*Task requirements*. Output exactly the lines from the first line of the records below through the line containing "Dressed in a", both included, leaving out any pictures.

*Collection entries*.
=== Section Start ===

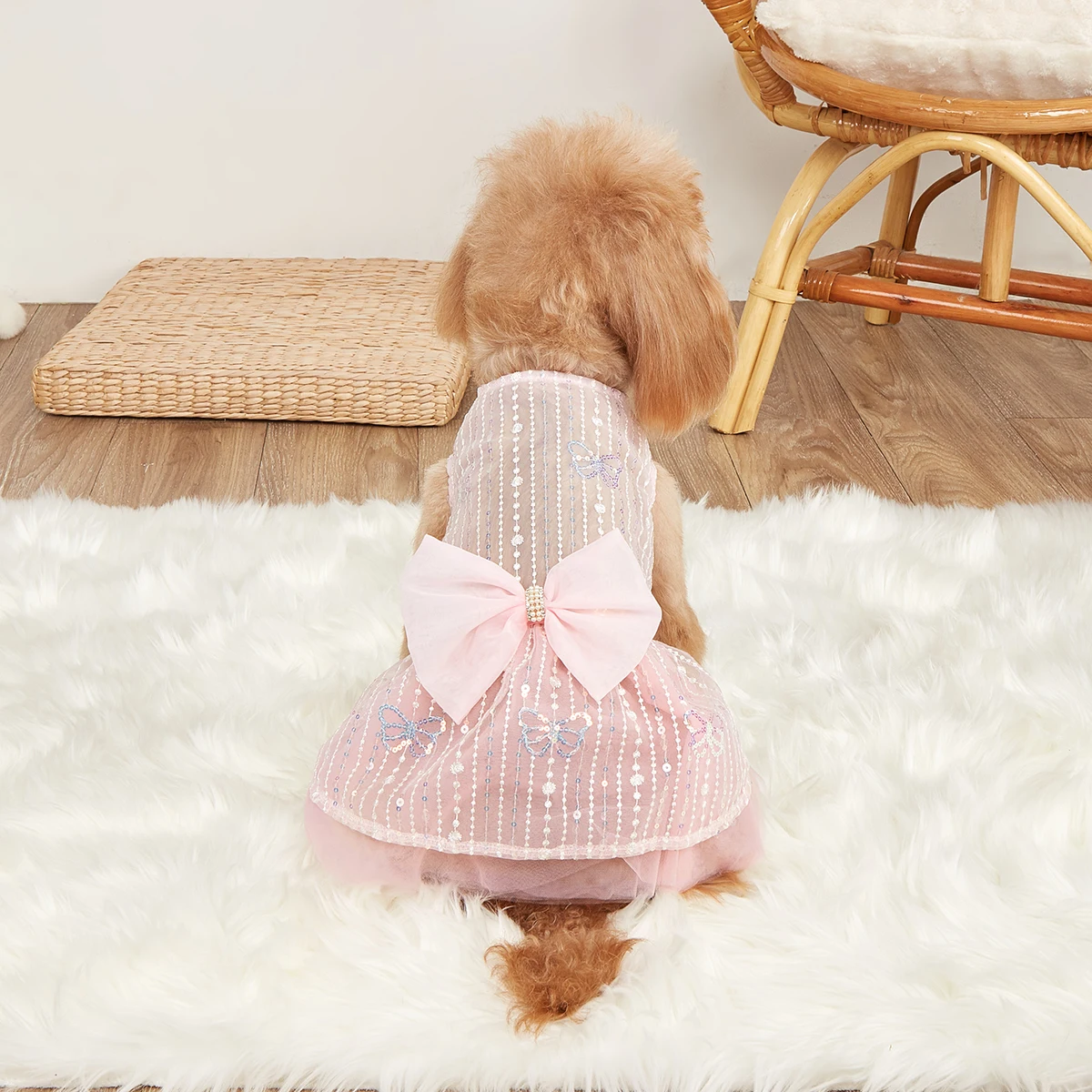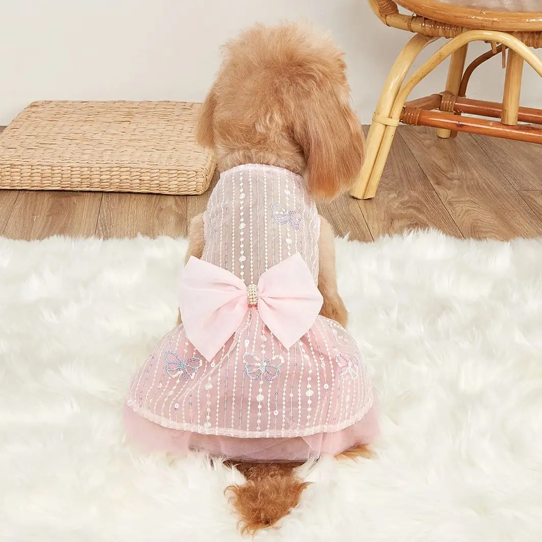 Vestido para perros pequeños, disfraz de mariposa con lentejuelas, vestidos de lujo para cachorros con lazo, hermoso perro de boda, ropa para gatos A
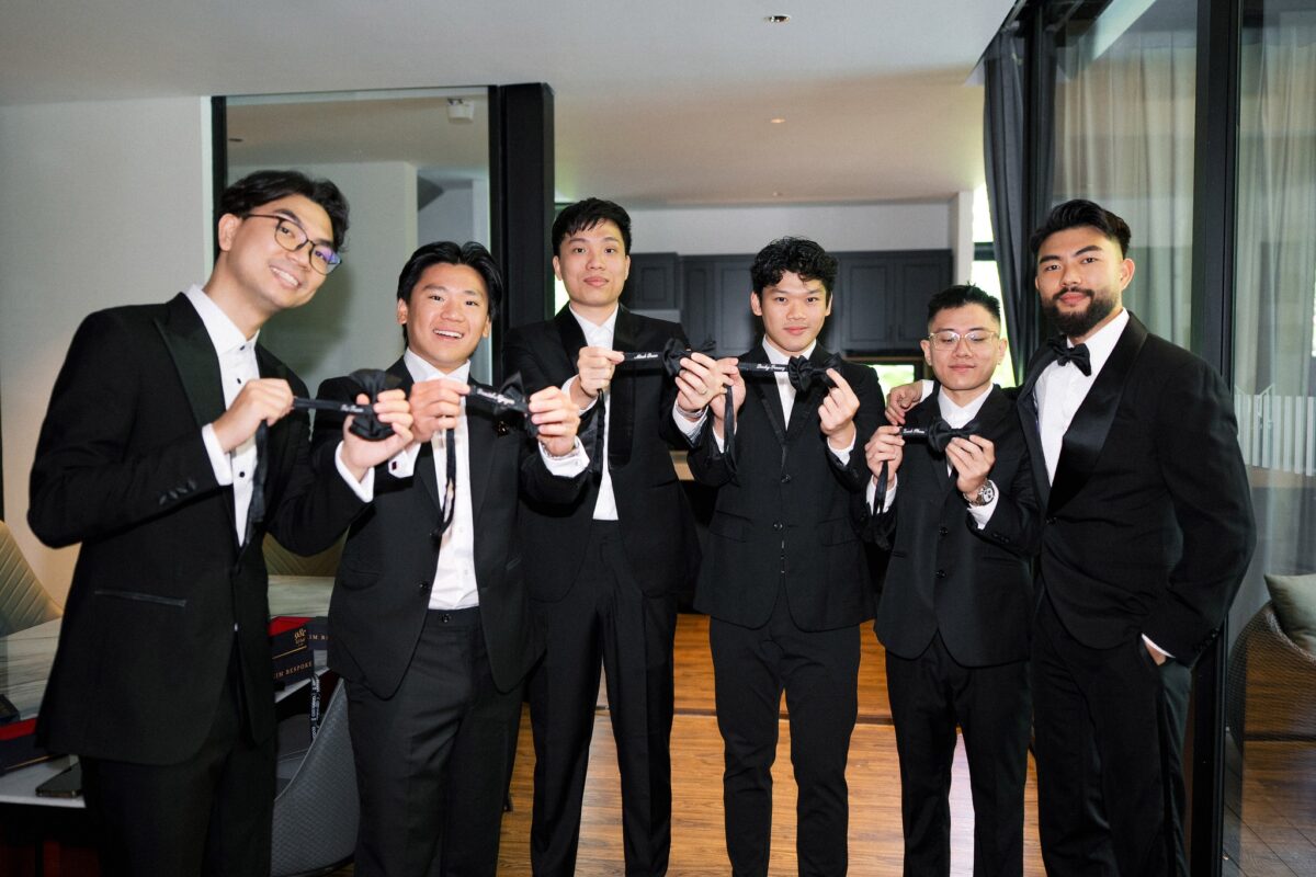 Dressed in a bespoke black tuxedo, groom Nick Q Trần made a lasting impression with his elegant and confident appearance. What made the celebration even more memorable was the special gift he prepared for his groomsmen—his closest friends: embroidered bow ties, each personalized by Kim Bespoke.
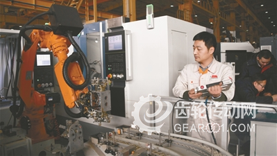 智能車間的自動化加工單元正在加工一款汽車零部件產品。
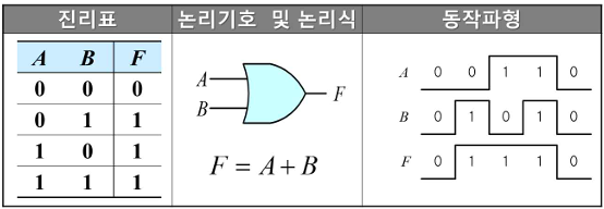 | OR | F = A+B | 하나라도 1이면 | 기본 |
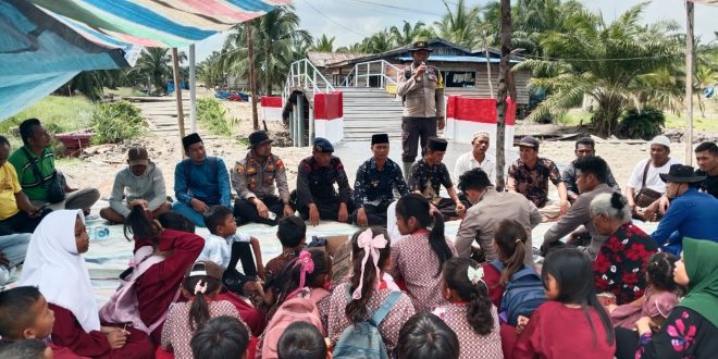 Kapolsek Sinaboi menyampaikan apresiasi dan ucapan terima kasih kepada seluruh personel BKO Brimob dan BKO Polda Riau atas sinergi dan kerja keras dalam pembangunan Jembatan Merah Putih Presisi di Kampung Aman.

=== Section End ===

*Output below*.
 Vestido para perros pequeños, disfraz de mariposa con lentejuelas, vestidos de lujo para cachorros con lazo, hermoso perro de boda, ropa para gatos A
 Dressed in a bespoke black tuxedo, groom Nick Q Trần made a lasting impression with his elegant and confident appearance. What made the celebration even more memorable was the special gift he prepared for his groomsmen—his closest friends: embroidered bow ties, each personalized by Kim Bespoke.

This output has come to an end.